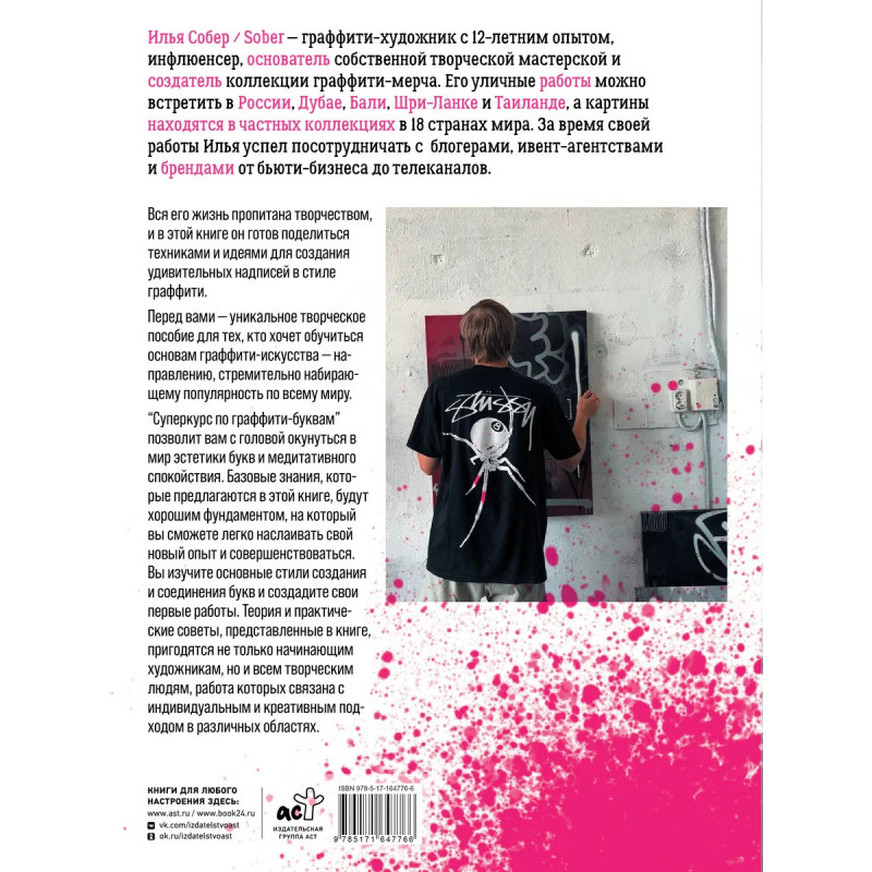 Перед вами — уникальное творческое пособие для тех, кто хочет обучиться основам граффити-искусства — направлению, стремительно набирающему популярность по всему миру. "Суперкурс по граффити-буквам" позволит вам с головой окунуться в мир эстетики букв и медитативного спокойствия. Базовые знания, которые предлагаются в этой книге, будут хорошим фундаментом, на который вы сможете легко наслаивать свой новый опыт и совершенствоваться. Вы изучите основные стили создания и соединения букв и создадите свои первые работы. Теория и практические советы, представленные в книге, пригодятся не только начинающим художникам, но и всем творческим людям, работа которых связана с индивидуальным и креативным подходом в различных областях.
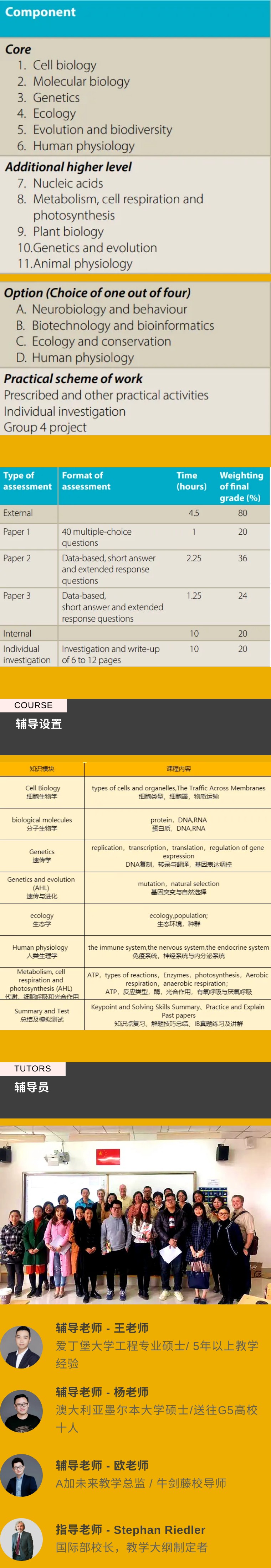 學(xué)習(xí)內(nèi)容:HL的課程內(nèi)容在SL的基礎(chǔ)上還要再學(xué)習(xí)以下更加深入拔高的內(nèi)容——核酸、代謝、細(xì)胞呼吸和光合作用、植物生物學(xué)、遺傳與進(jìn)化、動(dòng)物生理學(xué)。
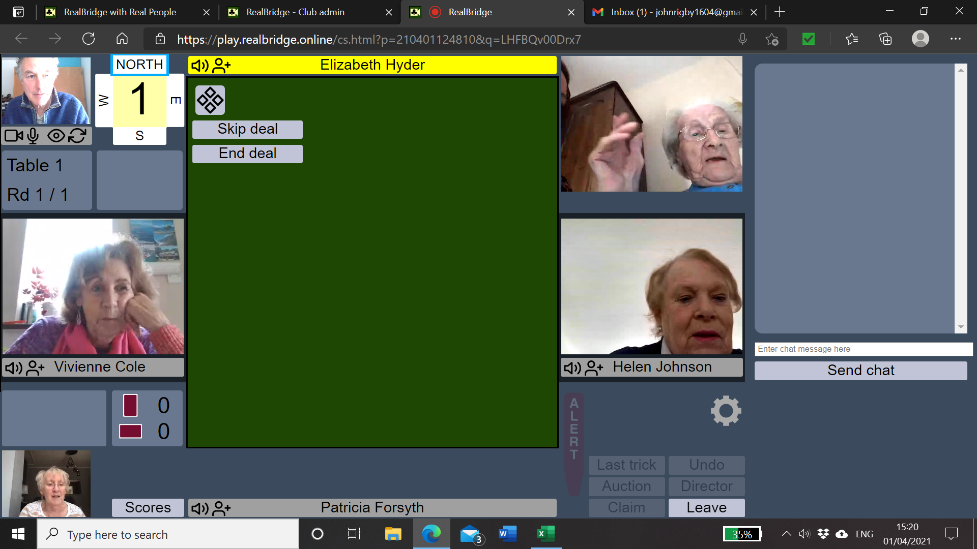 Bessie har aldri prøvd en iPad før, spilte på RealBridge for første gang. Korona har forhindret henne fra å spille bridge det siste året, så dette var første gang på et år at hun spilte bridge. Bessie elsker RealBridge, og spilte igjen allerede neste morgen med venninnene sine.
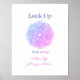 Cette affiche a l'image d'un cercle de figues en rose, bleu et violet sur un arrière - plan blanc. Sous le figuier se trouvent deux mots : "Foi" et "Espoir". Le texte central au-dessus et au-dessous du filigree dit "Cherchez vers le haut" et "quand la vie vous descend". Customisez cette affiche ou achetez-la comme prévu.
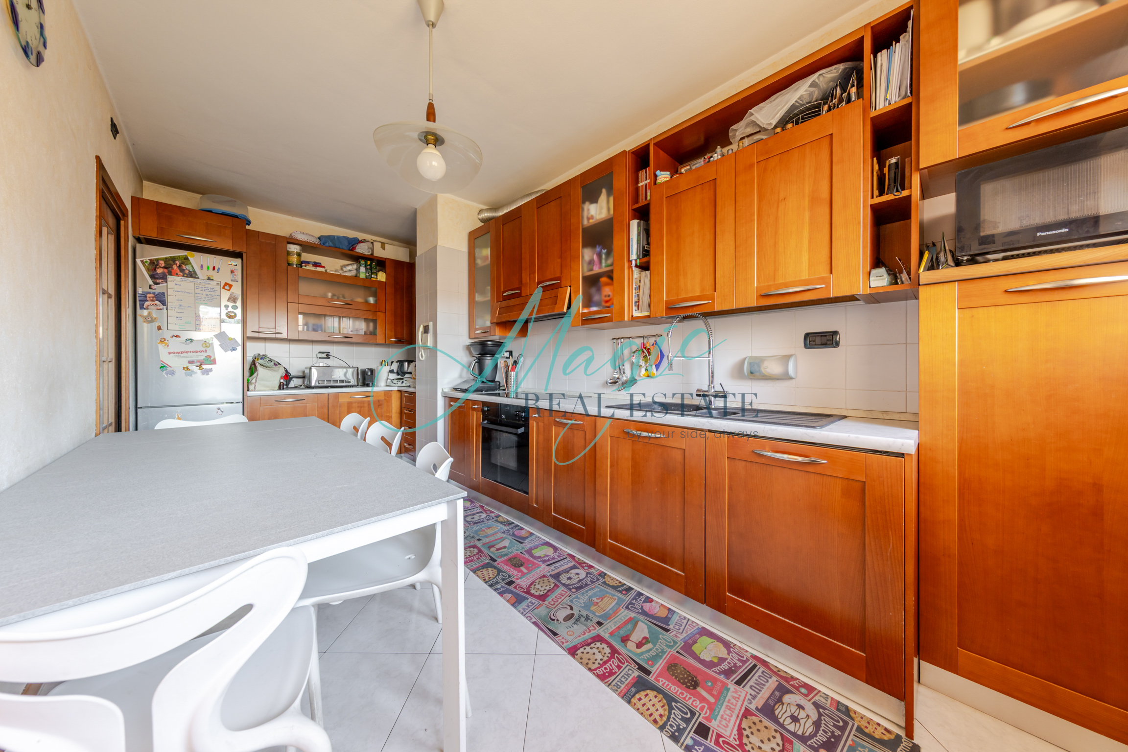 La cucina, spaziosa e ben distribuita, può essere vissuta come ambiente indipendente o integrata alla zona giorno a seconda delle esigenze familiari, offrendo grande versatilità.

§ What is needed: Set down the material word for word, and drop every picture from it.

§ Response to the task:
 Перед вами — уникальное творческое пособие для тех, кто хочет обучиться основам граффити-искусства — направлению, стремительно набирающему популярность по всему миру. "Суперкурс по граффити-буквам" позволит вам с головой окунуться в мир эстетики букв и медитативного спокойствия. Базовые знания, которые предлагаются в этой книге, будут хорошим фундаментом, на который вы сможете легко наслаивать свой новый опыт и совершенствоваться. Вы изучите основные стили создания и соединения букв и создадите свои первые работы. Теория и практические советы, представленные в книге, пригодятся не только начинающим художникам, но и всем творческим людям, работа которых связана с индивидуальным и креативным подходом в различных областях.
 學(xué)習(xí)內(nèi)容:HL的課程內(nèi)容在SL的基礎(chǔ)上還要再學(xué)習(xí)以下更加深入拔高的內(nèi)容——核酸、代謝、細(xì)胞呼吸和光合作用、植物生物學(xué)、遺傳與進(jìn)化、動(dòng)物生理學(xué)。
 Bessie har aldri prøvd en iPad før, spilte på RealBridge for første gang. Korona har forhindret henne fra å spille bridge det siste året, så dette var første gang på et år at hun spilte bridge. Bessie elsker RealBridge, og spilte igjen allerede neste morgen med venninnene sine.
 Cette affiche a l'image d'un cercle de figues en rose, bleu et violet sur un arrière - plan blanc. Sous le figuier se trouvent deux mots : "Foi" et "Espoir". Le texte central au-dessus et au-dessous du filigree dit "Cherchez vers le haut" et "quand la vie vous descend". Customisez cette affiche ou achetez-la comme prévu.
 La cucina, spaziosa e ben distribuita, può essere vissuta come ambiente indipendente o integrata alla zona giorno a seconda delle esigenze familiari, offrendo grande versatilità.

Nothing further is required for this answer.